18. The free-piston engine according to claim 1, wherein the
suction port is formed in such a manner that the suction port
includes a suction opening which takes in the outside air from the
outside, the suction opening opens to a surface part of a movable
body on which the free-piston engine is mounted, whereby during the
movement of the movable body, it is possible to restrict a change
from a laminar flow to a turbulent flow of an airflow along the
surface part.
19. The free-piston engine according to claim 3, wherein on the
upstream side of the suction port, there is provided a supercharger
or a turbocharger which raises the pressure of the gas before
introduction into the suction port and permits the gas to be
introduced into the combustion space in a jet condition even when
the pressure in the combustion space is in a condition of not less
than the atmospheric pressure.
20. The free-piston engine according to claim 2, wherein the
suction port is provided with a plurality of ejection openings each
formed so as to be capable of ejecting the gas toward a given
region positioned in the middle of the interior of the combustion
space and wherein in the combustion space, in addition to
compression of the air-fuel mixture by the movement of the piston,
the gas in a jet condition each ejected from each of the ejection
openings is caused to collide in the given region, whereby the
air-fuel mixture is compressed while generating a colliding jet.
Description
TECHNICAL FIELD
[0001] The present invention relates to a free-piston engine and,
in particular, to a free-piston engine suited to a system in which
outside air or an air-fuel mixture of the outside air and a fuel is
radially injected toward a given region of a combustion space and
the air-fuel mixture is combusted by using a compression action by
the collision of the gas in this given region.
BACKGROUND ART
[0002] As a conventional engine there is known a free-piston engine
in which a crankshaft and the like are not mechanically connected
to a piston and the stroke range of the piston is not fixed. As
this free-piston engine of Patent Literature 1 proposes a
free-piston engine of a structure of a piston valve method in which
a scavenging port, a suction port and an exhaust port, which are
made on a side wall of a cylinder, are opened and closed by the
movement of a piston. The free-piston engine of Patent Literature 1
is intended for incorporation in generating equipment and a pair of
pistons is disposed face to face in the cylinder and a combustion
space is formed between the opposed surfaces of the pistons.
CITATION LIST
Patent Literature
[0003] Patent Literature 1: Japanese Patent Laid-Open No.
2007-107475
SUMMARY OF INVENTION
Technical Problem
[0004] However, in the above-described free-piston engine of Patent
Literature 1, as with other reciprocating engines, the compression
of an air-fuel mixture in the combustion space is performed by only
piston motions and there is a limit to the high compression of an
air-gas mixture in the combustion space and high outputs of such an
extent as required by jet engines and the like are not obtained.
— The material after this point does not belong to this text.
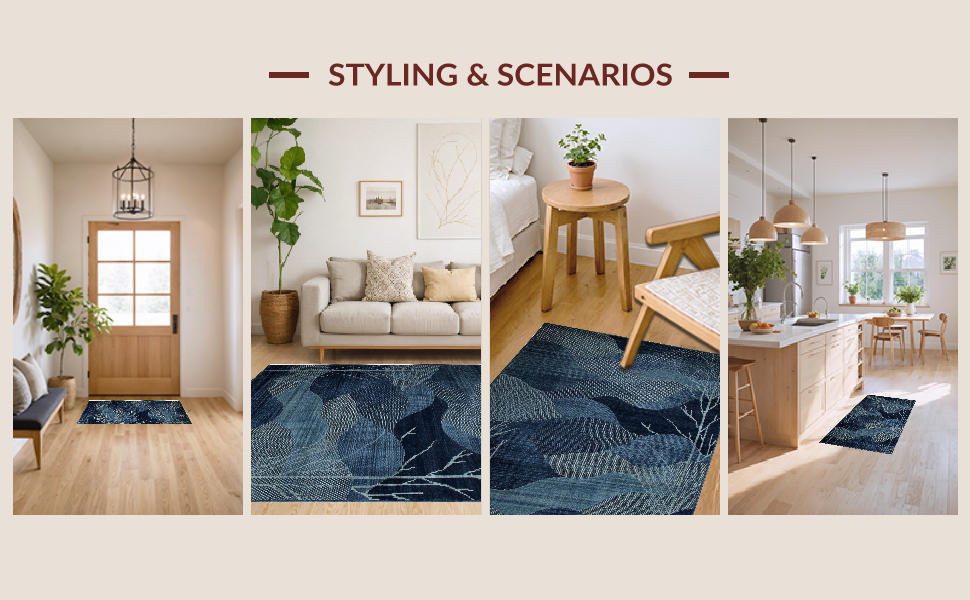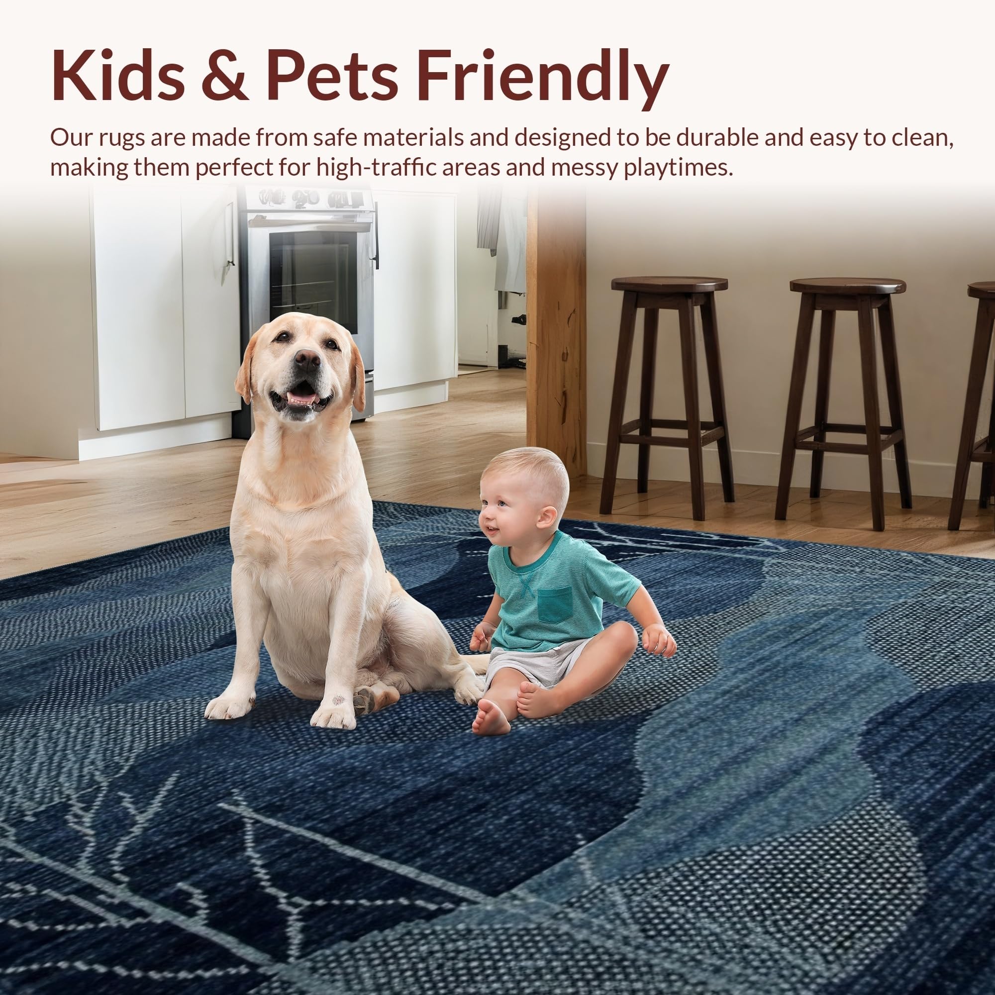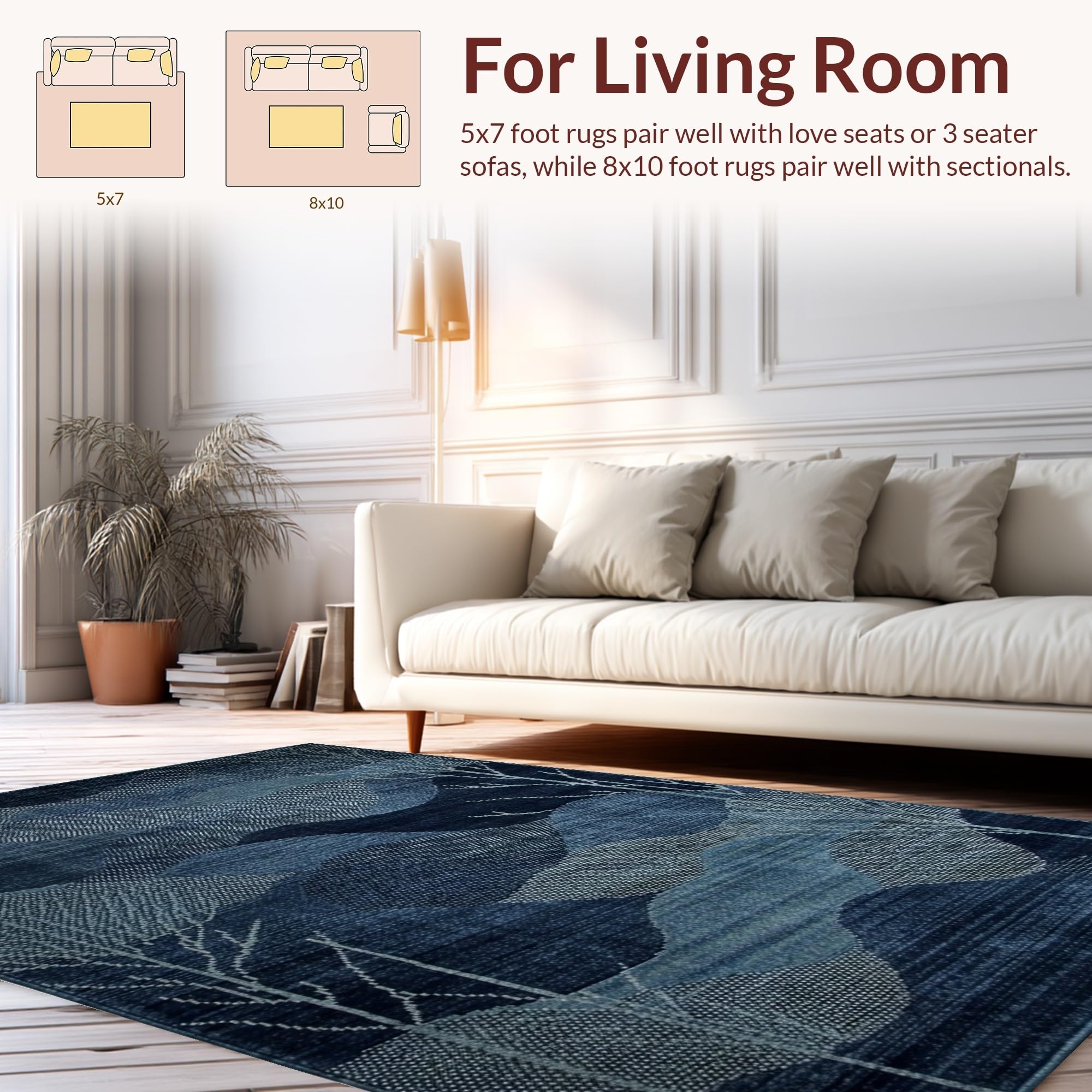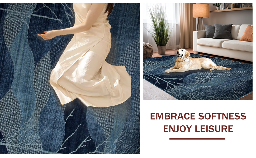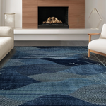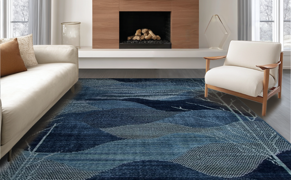 Ultra Soft Area Rug, Non Slip, Stain Resistant, Washable Area Rugs for Living Room, Bedroom, Contemporary Wave Textured Aesthetic(Blue) Overview:
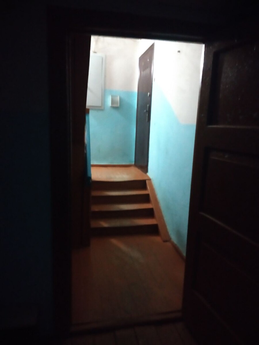 Давайте, я опишу. Значит, у нас первый этаж. Дверь подъезда открывается домофоном, потом надо подняться на три ступеньки, свернуть и пройти небольшой коридорчик.

The piston of this engine moves after the combustion stroke by the
balance adjustment of a gas supplied to the space in the cylinder
in front of and behind the piston and the construction is not
capable of suiting the high-speed motions of the piston. Therefore,
in the above-described free-piston engine of Patent Literature 1,
as with conventional engines, the applicable scope of output
required is narrow.
[0005] In addition, in conventional various engines, it is
difficult to satisfy all of high output with high efficiency, noise
reduction, and clean exhaust gas. On the other hand, although
existing cold nuclear fusion reactors have possibilities of
simultaneously satisfying these three, these reactors are very
unstable and have not yet been put to practical use.
[0006] Furthermore, as conventional engines which give power to
movable bodies, such as an automobile and an aircraft, there are
jet engines and scramjet engines in addition to reciprocating
engines. However, in terms of structures of these engines,
applicable speed ranges of movable bodies are limited and there is
no engine which can cover each speed range in one engine.
[0007] The present invention was made by giving attention to such
problems and the object of the present invention is to supply a
free-piston engine which can satisfy all of high output with high
efficiency, noise reduction, and clean exhaust gas and can cover a
wide range of outputs from low-output applications for generation
equipment and automobiles to high-output applications for aircraft
and rockets.
Solution to Problem
[0008] In order to achieve the above-described object, the present
invention provides a free-piston engine which mainly includes: a
combustion space for combusting an air-fuel mixture of outside air
and a fuel; a piston provided so as to be capable of reciprocation
between a most-compressed position, which minimizes a volume of the
combustion space, and a most-expanded position, which maximizes the
volume; a piston drive device which causes the piston to go into
action; a suction port which introduces the outside air or a gas
composed of the air-fuel mixture into the combustion space; and an
exhaust port which directs an exhaust gas generated in the
combustion space to the outside. The configuration of this
free-piston engine is as follows: the piston extracts power by
moving from the most-compressed position to the most-expanded
position by an explosive power due to the combustion of the
air-fuel mixture in the combustion space and is provided in such a
manner as to return from the most-expanded position to the
most-compressed position by the actuation of the piston drive
device, and at the same time the piston functions as a valve of the
exhaust port and opens the exhaust port to the combustion space
when the piston has reached the most-expanded position, whereas the
piston closes the exhaust port to the combustion space when the
piston is present in a different position.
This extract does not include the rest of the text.